# Biting issue please helmet



## Doncossack (Feb 14, 2012)

My Vizsla is about 7 months old. She has a real nipping problem and I'm not sure what to do. She has bit my 5 year old son a number of times. I don't think she is doing this to be mean, she doesn't break the skin, but it’s enough to make him cry. I really need some advice here. Any idea would be much appreciated.


----------



## datacan (May 15, 2011)

Keep them separated until the kid grow older :'(

Or spread a little butter on the kid's palm and let the dog lick it off. That way she learns to lick instead of bite. Works very well for puppies, not sure about a 7 month old.

Or fit a prong collar on the dog and correct a few times until she learns that the boy is off limits.


----------



## datacan (May 15, 2011)

Here are some professional resources that might help (I am afraid they may not validate the Caesar Millan style of traning)

http://www.animalbehavior.net/visitors/WhatAboutCesarMillan.htm

http://www.4pawsu.com/dogpsychology.htm

Hope your 7 month old pup and your 5 year old boy will get along better soon :'(


----------



## Lincolns Parents (Aug 6, 2011)

We had this issue with our 5 yr old but our V was 9 months. First we got him fixed because we thought it was a dominance issue. That did help in OUR situation he doesn't dominate anymore when he did before...not only to our 5 yr old but to me at times as well....which did NOT fly with me. 

We also had our 5 yr old feed our V his dinner every night for a few weeks to establish the hierarchy in our household..... our 5 yr old would give the "sit" command and when Lincoln complied he would put his food down and "realease." Now with both of those controls in place we haven't had any more issues with him nipping our 5 yr old at all.

I'm not telling you to run out and get your dog fixed that is totally up to you.... there are alot of different opinions on that subject and i respect everyones choice. ;D

Best of luck


----------



## Lincolns Parents (Aug 6, 2011)

P.S. 

Not sure if "girls" can be dominating like a boy can but....it worked in our situation.


----------



## Doncossack (Feb 14, 2012)

Thank you so much for all your help. I'll try this


----------



## Ozkar (Jul 4, 2011)

Tell the 5 year old to take a dose of cement and take control of the dog. Correct it when it does it, not run away crying.
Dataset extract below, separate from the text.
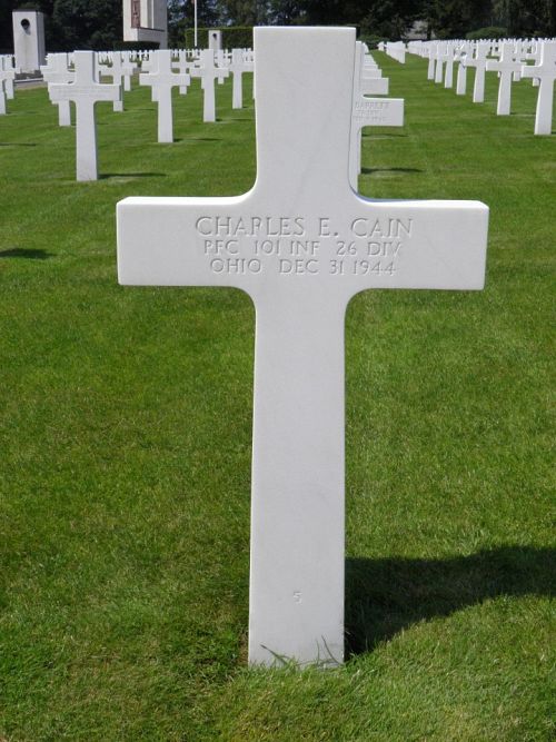 Pfc Charles E. Cain was a welder and flame cutter at the United Welding Company before he enlisted at Fort Thomas, Kentucky on 25 April 1944.He was killed by artillery shell fragments.

That's the first step in getting the message across to the dog as to what is ok and what's not.

2ndly, you need to supervise all the interactions with son and pup and correct either when they step out of line. Soon enough they will both work out where the boundaries are.

I had this same issue with my grandson when he was staying with is. Ozkar was 3-7 months old at this point and grandson was 2.5 yrs. They both needed training. Grandson on not stirring up puppy then running to mum when puppy got over exuberant and puppy that biting grandson is not OK. 

Consistency and peristance as I always say.

But, don't just blame the pup!!!!!!


----------



## Doncossack (Feb 14, 2012)

Thanks I'll try that. I'm still pretty new to this. So I guess there is a big learning curve


----------



## Ozkar (Jul 4, 2011)

Then, ask as many questions as you can. Even one you think are silly. There are so many people in this forum with a huge depth of knowledge on all sorts of health and behavioural issues. If you haven't done so already, have a read of Redbirdogs blog. It's got so mych info on all sorts of interesting and often needed information.

Oh... and lastly... puppy pics....come one...where are they!!!


----------



## Martyn (Feb 8, 2012)

Try bitter apple spray. You can get from the chemist or eBay. It's natural and harmless. You spray it on areas your pup bites and if they do it tastes horrible. It dries quickly and is odourless, we covered our kids in it and it worked a treat!!!


----------